▸ TASK OBJECTIVE:
The listing is to be returned word for word, without its images.
*** Opening of SOURCE DATA ***
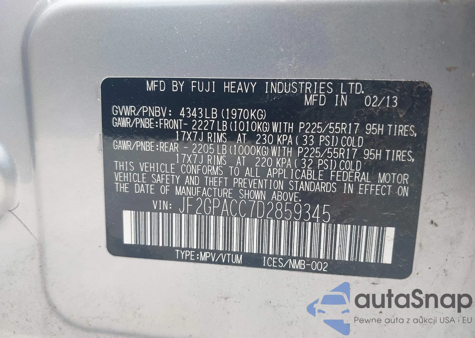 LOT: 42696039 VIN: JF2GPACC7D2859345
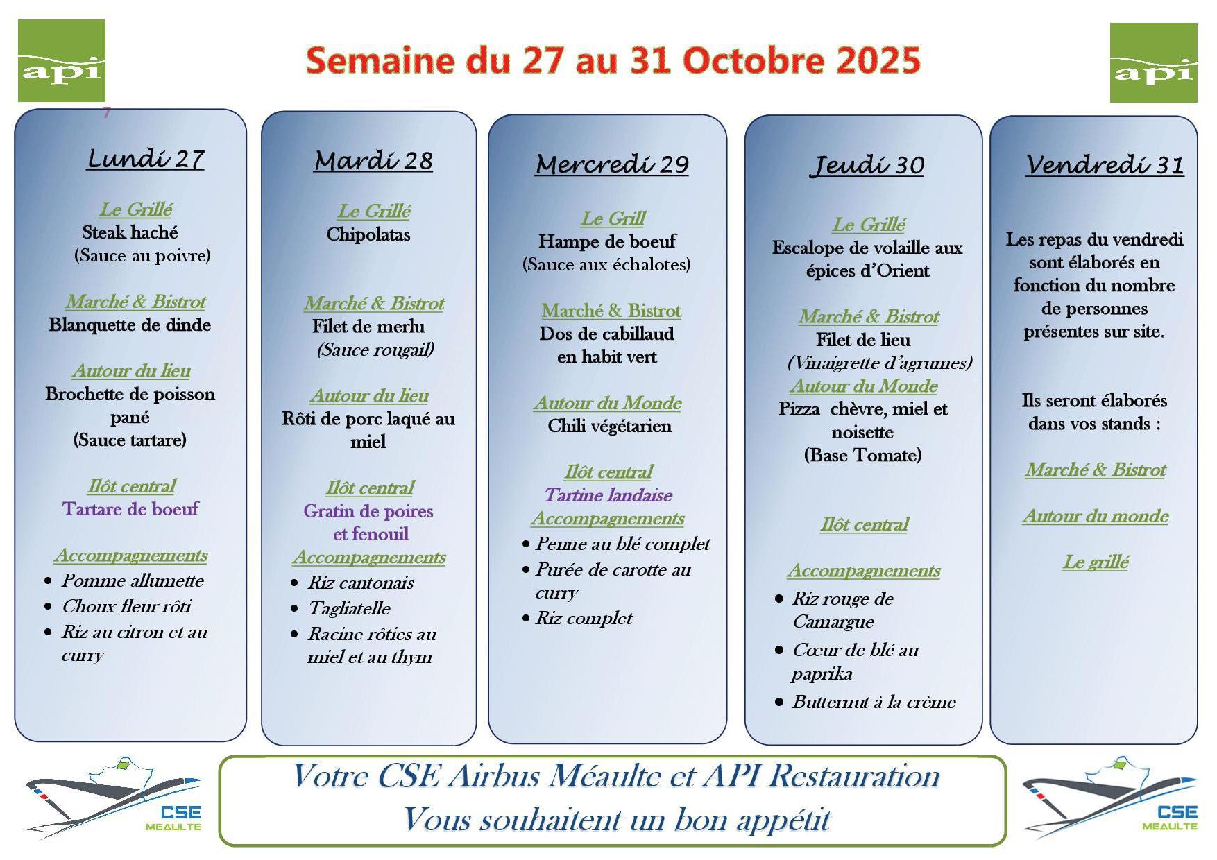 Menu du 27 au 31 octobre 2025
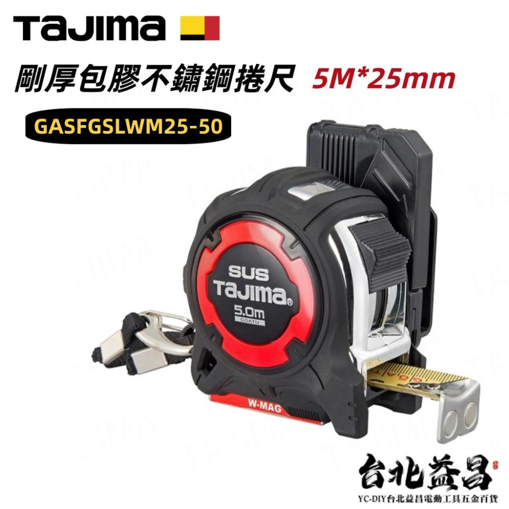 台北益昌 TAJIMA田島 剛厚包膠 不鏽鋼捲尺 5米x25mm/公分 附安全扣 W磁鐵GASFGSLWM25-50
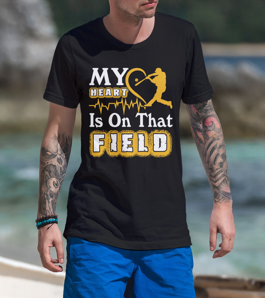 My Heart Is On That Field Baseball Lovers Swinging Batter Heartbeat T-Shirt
*** Close of SOURCE DATA ***
▸ ANSWER BELOW:
 LOT: 42696039 VIN: JF2GPACC7D2859345
 Menu du 27 au 31 octobre 2025
 台北益昌 TAJIMA田島 剛厚包膠 不鏽鋼捲尺 5米x25mm/公分 附安全扣 W磁鐵GASFGSLWM25-50
 My Heart Is On That Field Baseball Lovers Swinging Batter Heartbeat T-Shirt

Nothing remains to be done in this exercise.